RECORDED INFORMATION:
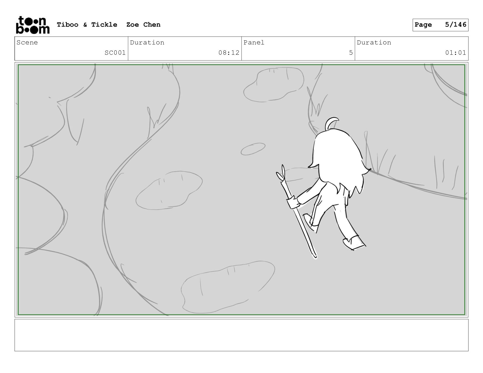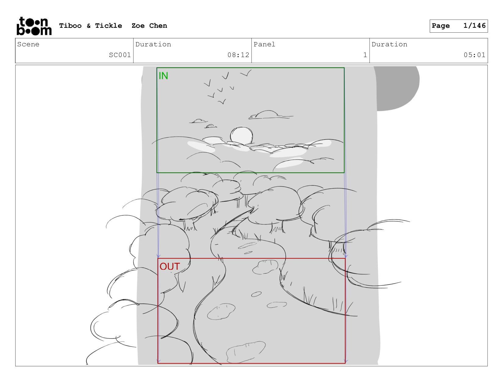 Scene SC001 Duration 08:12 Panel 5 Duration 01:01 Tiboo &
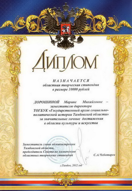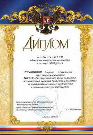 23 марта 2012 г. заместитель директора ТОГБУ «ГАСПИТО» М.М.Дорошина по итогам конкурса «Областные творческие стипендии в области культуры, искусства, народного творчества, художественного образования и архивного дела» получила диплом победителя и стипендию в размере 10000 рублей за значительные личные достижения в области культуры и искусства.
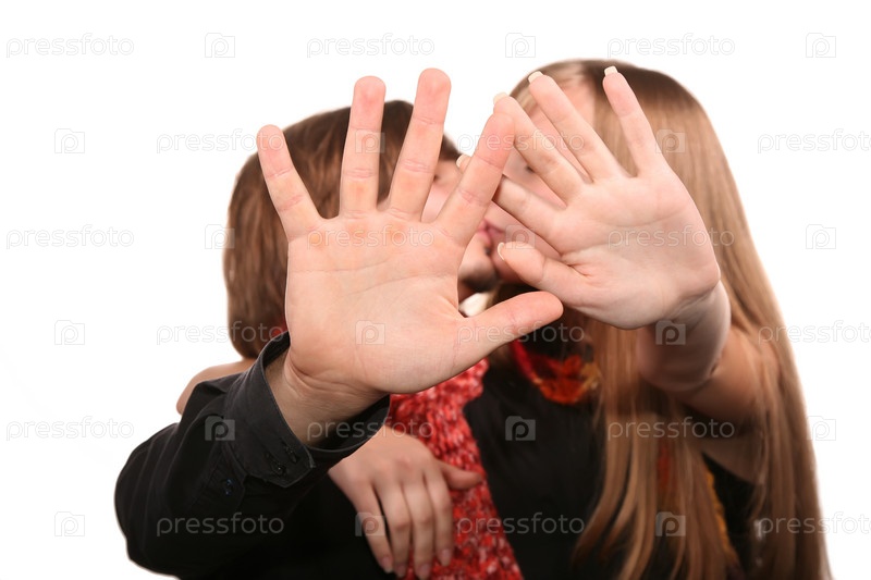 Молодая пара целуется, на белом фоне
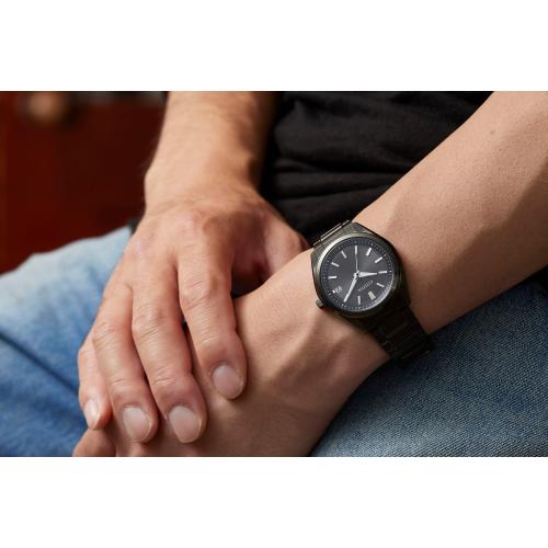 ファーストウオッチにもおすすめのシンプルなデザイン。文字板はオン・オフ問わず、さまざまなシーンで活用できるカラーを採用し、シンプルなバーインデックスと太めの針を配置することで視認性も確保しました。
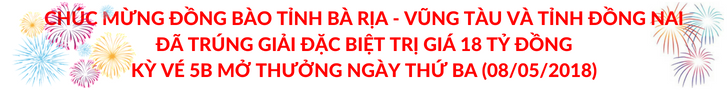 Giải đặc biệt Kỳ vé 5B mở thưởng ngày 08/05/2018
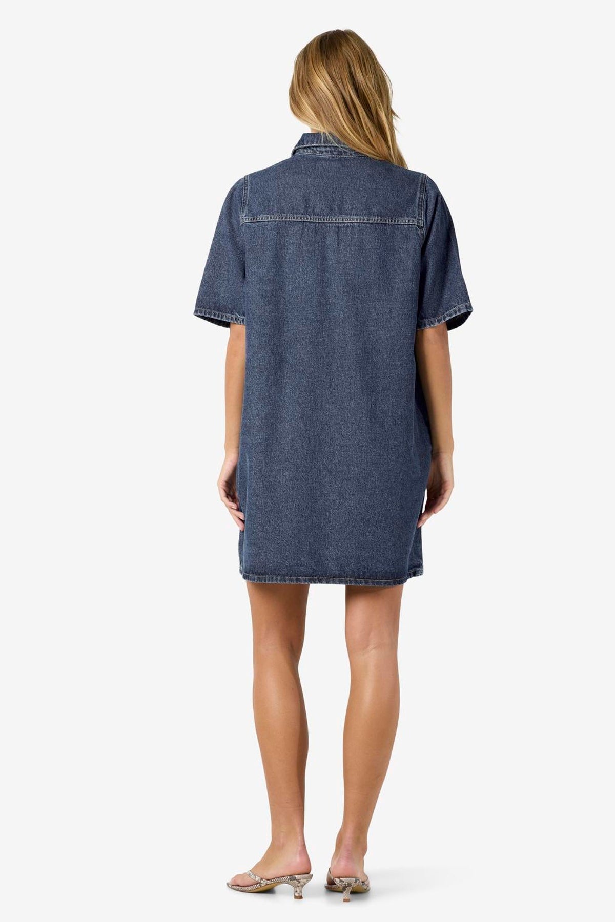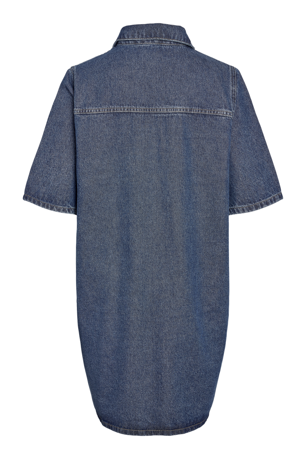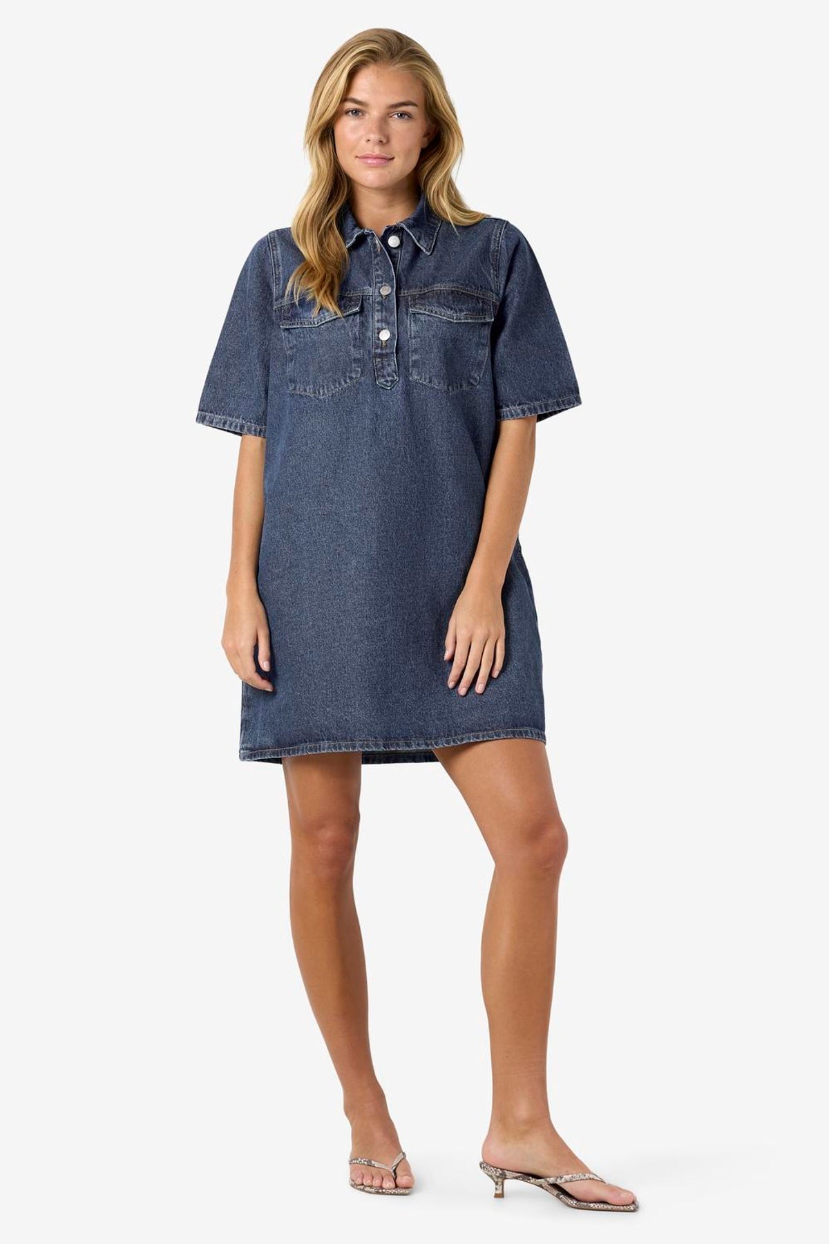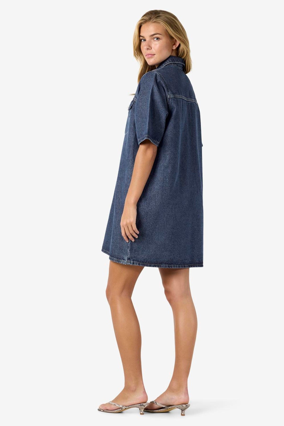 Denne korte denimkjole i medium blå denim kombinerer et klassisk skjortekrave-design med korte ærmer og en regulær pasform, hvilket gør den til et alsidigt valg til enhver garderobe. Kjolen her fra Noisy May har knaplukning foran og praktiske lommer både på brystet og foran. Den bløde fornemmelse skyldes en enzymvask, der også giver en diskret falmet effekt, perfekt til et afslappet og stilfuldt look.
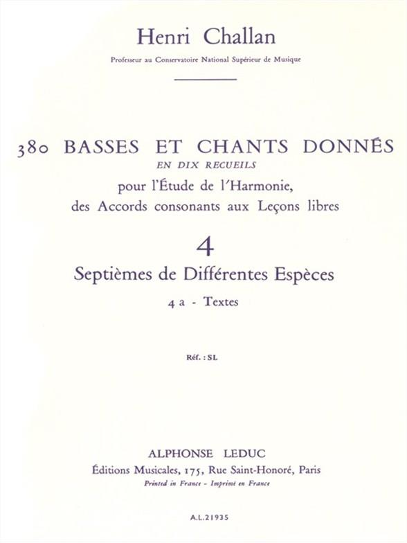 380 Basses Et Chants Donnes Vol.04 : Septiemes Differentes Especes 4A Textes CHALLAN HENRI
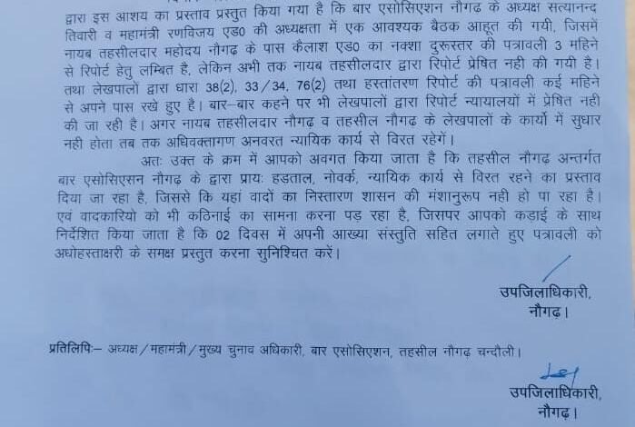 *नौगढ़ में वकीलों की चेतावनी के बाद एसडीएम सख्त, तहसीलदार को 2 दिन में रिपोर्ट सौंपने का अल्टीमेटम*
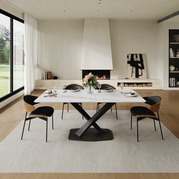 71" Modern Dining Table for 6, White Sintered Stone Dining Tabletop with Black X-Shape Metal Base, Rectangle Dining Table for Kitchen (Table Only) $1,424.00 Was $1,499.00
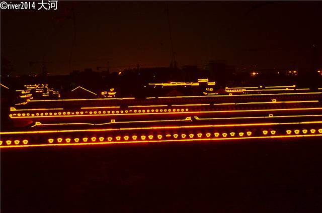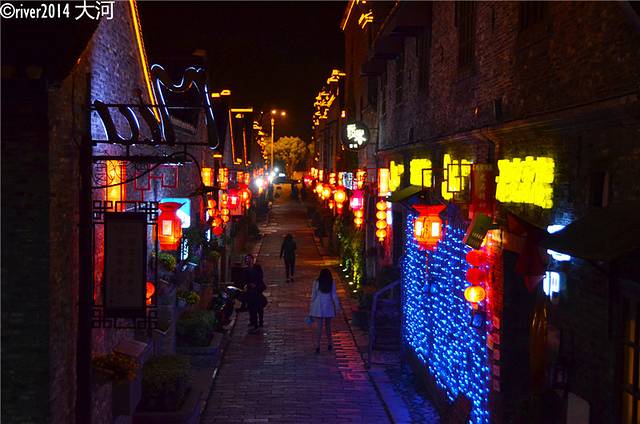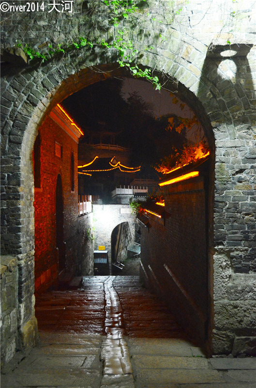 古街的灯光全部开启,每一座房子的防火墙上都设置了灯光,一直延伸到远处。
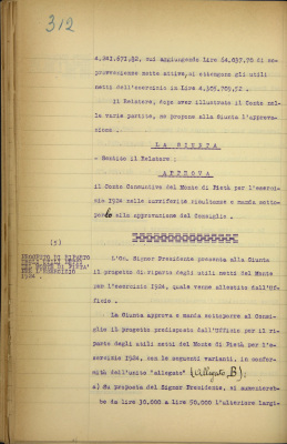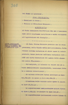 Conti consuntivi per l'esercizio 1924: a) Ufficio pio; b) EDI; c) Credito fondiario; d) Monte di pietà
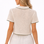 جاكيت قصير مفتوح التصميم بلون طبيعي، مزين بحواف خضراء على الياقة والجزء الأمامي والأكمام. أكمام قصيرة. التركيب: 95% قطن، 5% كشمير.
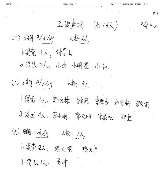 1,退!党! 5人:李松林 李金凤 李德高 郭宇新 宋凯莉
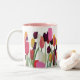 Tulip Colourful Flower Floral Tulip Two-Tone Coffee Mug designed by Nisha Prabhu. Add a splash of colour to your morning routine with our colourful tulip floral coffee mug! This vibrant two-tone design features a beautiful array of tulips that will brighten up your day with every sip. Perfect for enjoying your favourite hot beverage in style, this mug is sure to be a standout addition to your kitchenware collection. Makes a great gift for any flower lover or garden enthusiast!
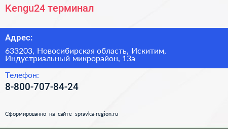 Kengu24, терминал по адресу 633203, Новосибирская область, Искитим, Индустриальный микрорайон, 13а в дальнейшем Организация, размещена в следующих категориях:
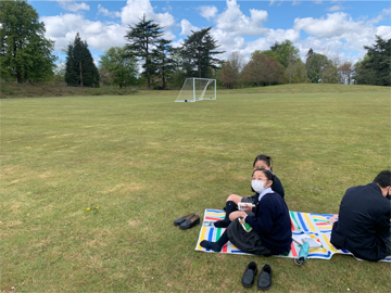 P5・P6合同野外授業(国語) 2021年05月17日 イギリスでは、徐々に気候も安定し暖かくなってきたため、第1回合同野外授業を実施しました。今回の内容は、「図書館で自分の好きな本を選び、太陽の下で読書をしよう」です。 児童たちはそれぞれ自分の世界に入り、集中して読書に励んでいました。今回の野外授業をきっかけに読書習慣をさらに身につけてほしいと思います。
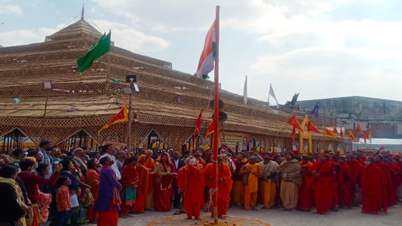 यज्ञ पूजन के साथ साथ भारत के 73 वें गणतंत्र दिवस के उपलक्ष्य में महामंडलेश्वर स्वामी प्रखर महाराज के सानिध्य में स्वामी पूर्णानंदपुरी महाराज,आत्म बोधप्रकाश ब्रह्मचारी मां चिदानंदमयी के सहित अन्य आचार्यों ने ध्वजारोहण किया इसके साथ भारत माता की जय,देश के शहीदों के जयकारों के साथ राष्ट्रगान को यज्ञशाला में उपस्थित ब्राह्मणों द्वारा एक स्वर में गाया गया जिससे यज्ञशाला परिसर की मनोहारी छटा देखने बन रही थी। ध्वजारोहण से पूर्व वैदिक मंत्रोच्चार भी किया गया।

TASK INSTRUCTIONS: In the records above, find the line with "Giải đặc biệt" and the line with "Denne korte denimkjole". Write out exactly those lines and every one between, with no pictures and no other lines.

EXERCISE ANSWER:
 Giải đặc biệt Kỳ vé 5B mở thưởng ngày 08/05/2018
 Denne korte denimkjole i medium blå denim kombinerer et klassisk skjortekrave-design med korte ærmer og en regulær pasform, hvilket gør den til et alsidigt valg til enhver garderobe. Kjolen her fra Noisy May har knaplukning foran og praktiske lommer både på brystet og foran. Den bløde fornemmelse skyldes en enzymvask, der også giver en diskret falmet effekt, perfekt til et afslappet og stilfuldt look.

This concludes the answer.